Guest blog – Amanda Tuke interviews Josh Styles.

Amanda is a nature and environment writer and blogger based in the wilds of suburban south London. She writes mainly about suburban wildflowers, insects and birds on her blog.    Her nature writing has appeared in anthologies, on the London Wildlife Trust blog and in Devon Life Magazine.  She also blogs on www.freelancenaturewriter.com about her experience of becoming a freelance nature writer after ditching her day job. Twitter: @suburbanwilduk

Here Amanda interviews Josh Styles.

Still only in his early twenties, professional botanist and ecologist Josh Styles has already taken the lead on reintroducing rare plants to the north west of the British Isles and is now running online botany training courses too.

Amanda: I’d be really interested to hear how your interest in botany began.

Josh: I was quite fortunate that we had a garden and at the age of six or seven, I started growing things like sunflowers and fruit and veg. Then one day, I remember watching Gardeners’ World and Monty Don was encouraging people to grow wildflowers. So I begged my mum to buy me some wildflower seeds and dedicated about a metre square to growing them. I’d sit down for hours, watching all of the solitary bees, beetles and butterflies swarming round this tiny, tiny patch whereas the fruit and veg had barely anything. So I got rid of the entire fruit and veg garden and gradually began to grow all kinds of different wildflowers in my garden. I have well over 200 species now.  My mum wasn’t delighted – she still thinks it’s a bit of a mess!

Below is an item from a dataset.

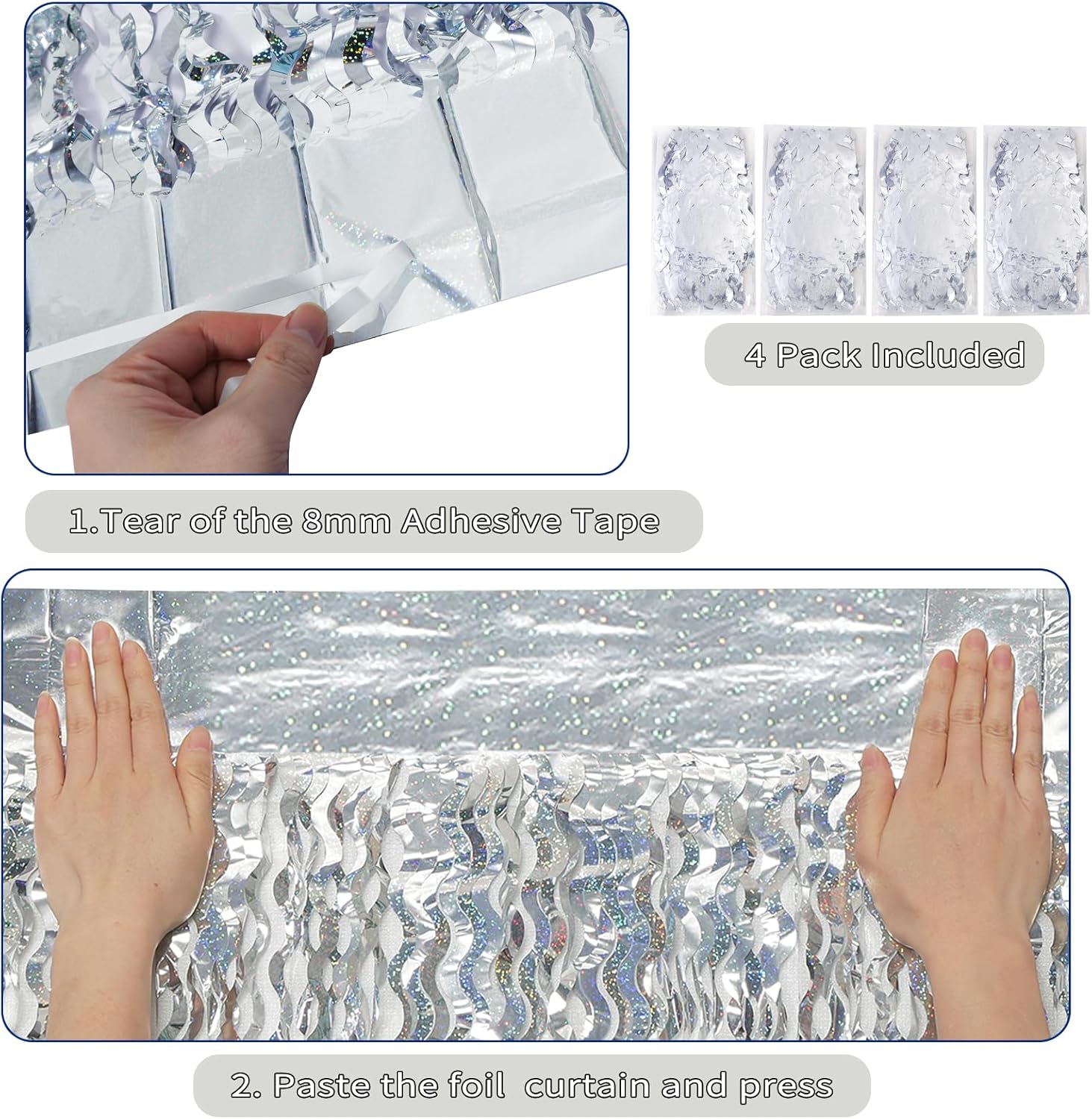 • Easy to Use: The silver foil curtain backdrop has double-sided tape on the top of the back,please peel tape off would be very easy to paste on smooth surfaces such as wall,window,table,door or anywhere you like
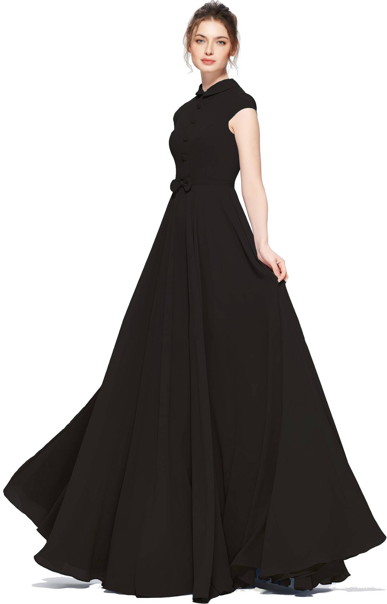 Solid Georgette Stitched Flared/A-line Gown (Black)

So was the wildflower gardening the beginning of becoming a field botanist?

Yes. In my early teens I used all my pocket money to buy different species of wildflower to see how the garden would look and how things would respond to these plants. And from there, I began volunteering with the Cheshire Rangers and the Cheshire Wildlife Trust as well as with the local wildlife site surveyor. I did some stuff with the Botanical Society of Britain and Ireland (BSBI) as well. Then I went to university to study for a BSc in Ecology and alongside that balanced three separate jobs and a number of voluntary roles relating to botany.

Did you have school friends who were into plants as well?

No, it was very solitary. If I dared mention wildlife at school it would just be a topic to make fun of really.

How and when did the idea for the North West Rare Plant Initiative (NWRPI) arise?

In my teens one thing I did keep up-to-date with was my county’s Rare Plant Register. And I always remember being so depressed every single year because there was at least one species that had gone from one or two sites to extinct. Then when I graduated from University in 2017, I was really fortunate because I was gifted a two thousand pound scholarship which made me feel like a millionaire momentarily.  I decided to use it to develop a conservation programme for rare, declining or extinct species in the north west, like the Green-winged Orchid, Small Cudweed and Great Sundew.

Green-winged Orchid. Photo: Josh Styles

Was the project generally welcomed by stakeholders? Reintroductions can be controversial…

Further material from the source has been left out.